The Italians are a mercurial people. If they are more easily cast down by defeat than we British, they are more easily encouraged by even the distant prospect of victory, and they react to influences that would leave us unmoved. The coarse insults of the enemy press were everywhere angrily quoted, and the national spirit rose to a red glow of passion. The Socialists Turati and Treves,—the latter the author of the famous phrase, “nessuno in trincee quest’ inverno,"[1]—who before Caporetto had criticised the war as aggressive, imperialist and unnecessary, said now that all Italians must unite and fight on to drive back the invader from Italian soil. And cool brains, such as Nitti and Einaudi, reinforced all this with logical demonstrations of the economic impossibility of a separate peace, with the enemy Powers strained to the utmost by the blockade and Italy dependent on the Allies for shipping, food and coal. The Germans would have done far more wisely, if, instead of attacking, they had aimed only at holding the Italian Army along its old line.
[Footnote 1: “No one in the trenches this winter.”]

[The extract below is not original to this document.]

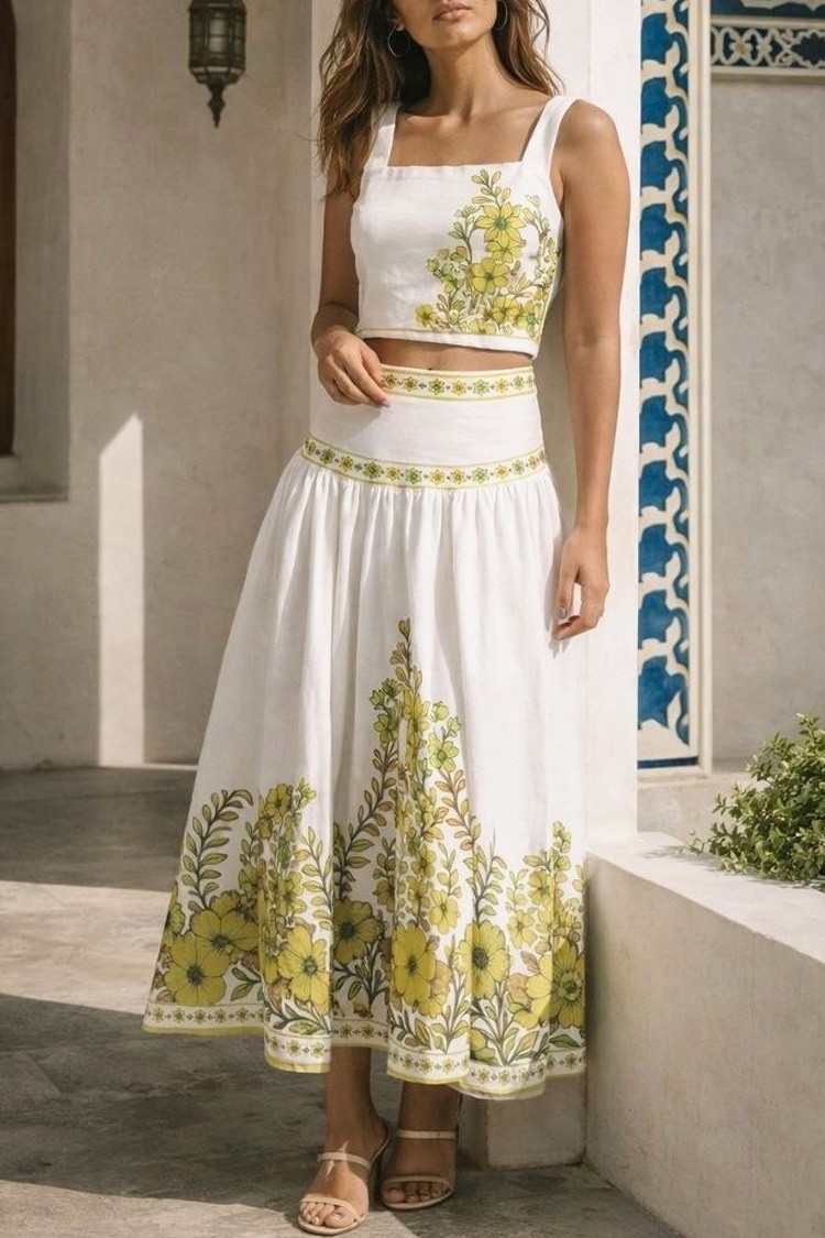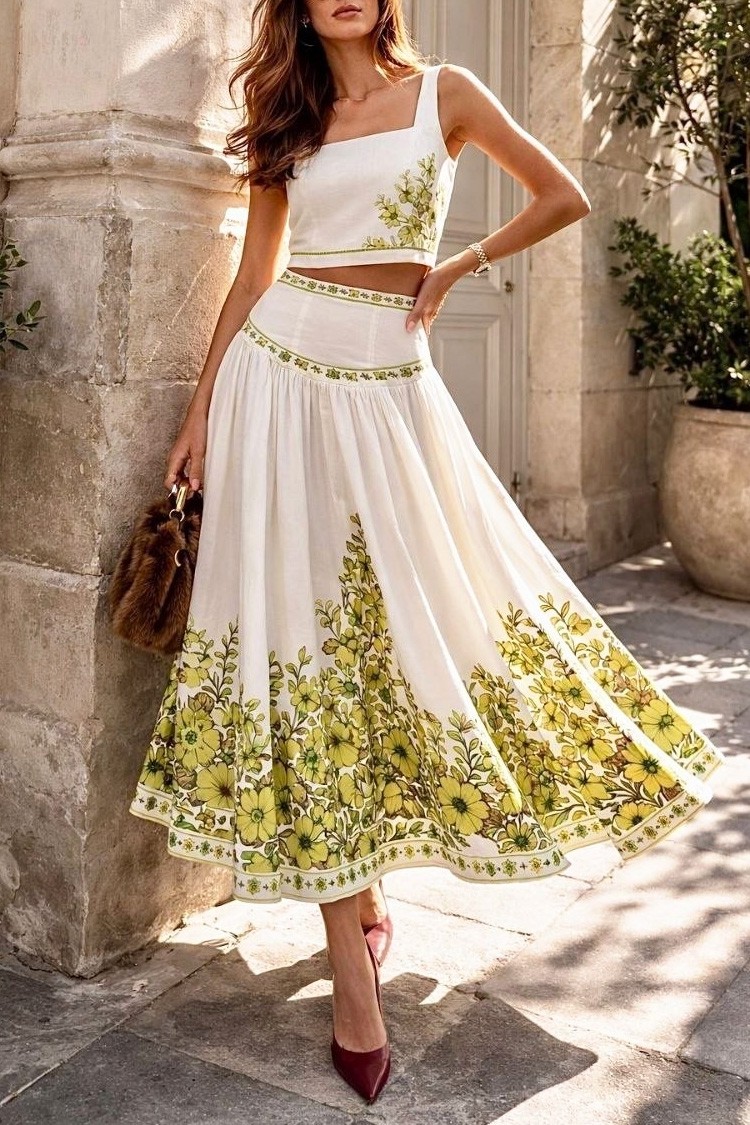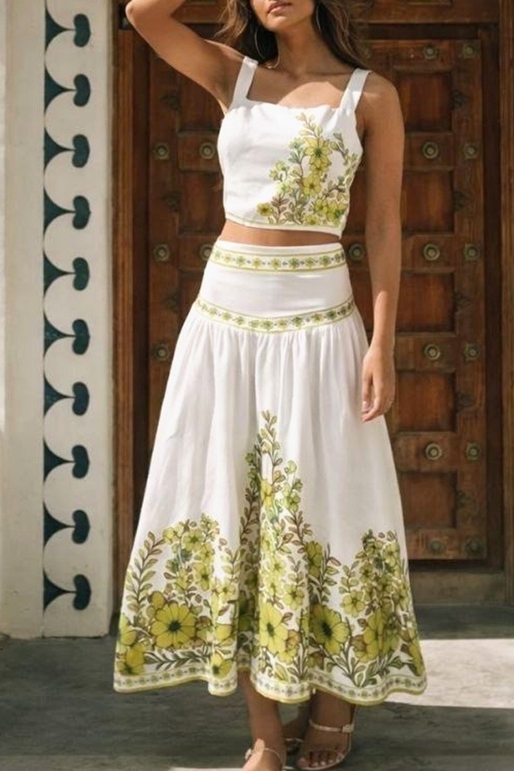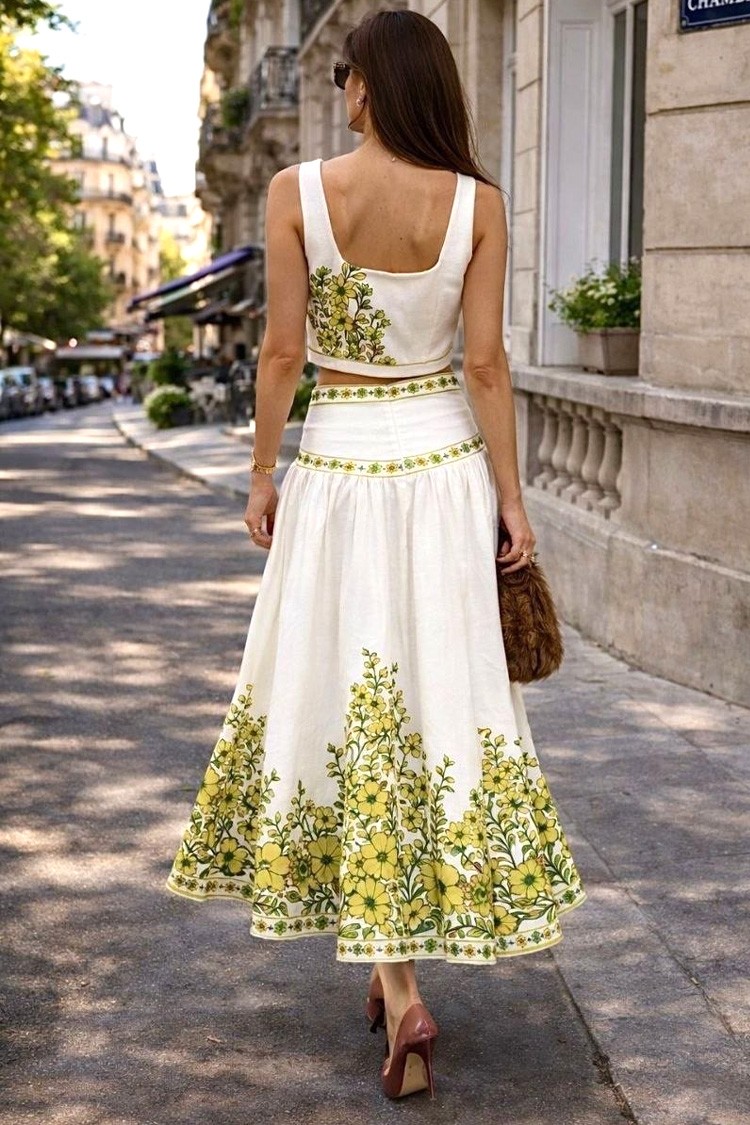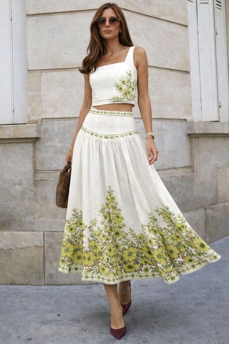 - Podkreśl swój styl dzięki temu dwuczęściowemu kompletowi – krótki top i spódnica midi z bawełny, idealne na nowoczesne i casualowe stylizacje.

I walked on from Quarto to Nervi and, as it was getting dark, I decided to take a tram for the last few kilometres. But all the trams were standing still, the current having been switched off for several hours. So I stood on the step of a tram and talked to the conductor about the war, and tried to cheer him up by telling him that the Germans were on their last legs, and were making their last great effort, and that the Allies had only to hold together a little longer, and throw sufficient force against the enemy here in Italy, in order to see a far bigger and more precipitate and disastrous retreat than Caporetto, and next time in the other direction. All this I not only said, but firmly believed (and it all came true within a year). At first he was very despondent, but he warmed up as I proceeded, and began to gesticulate again and regain animation and compliment me on my Italian. And then the current also was restored, and the tram moved on, and we came to Nervi, where I dined well and slept at the Albergo Cristoforo Colombo. I am not in general an admirer of palm trees, but they are sometimes impressive in the dusk, towering over one’s head, as they do at Nervi, in the long mixed avenue of palms and orange trees which leads down to the station from the town.
Next morning I got up early and walked back towards Genoa along the Via Marina. The sun was shining on the sea and the dark rocks, the stone pines and the great aloes and the brightly coloured villas. There was an exhilaration in the air and I was in the midst of beauty, and, for the first time for many days, I was for a little while really happy. Later on I took a tram back to Genoa, and walked up to the tall lighthouse on the further side of the town, and looked westward at the great curve of the shore, beyond the breakwater and the sands.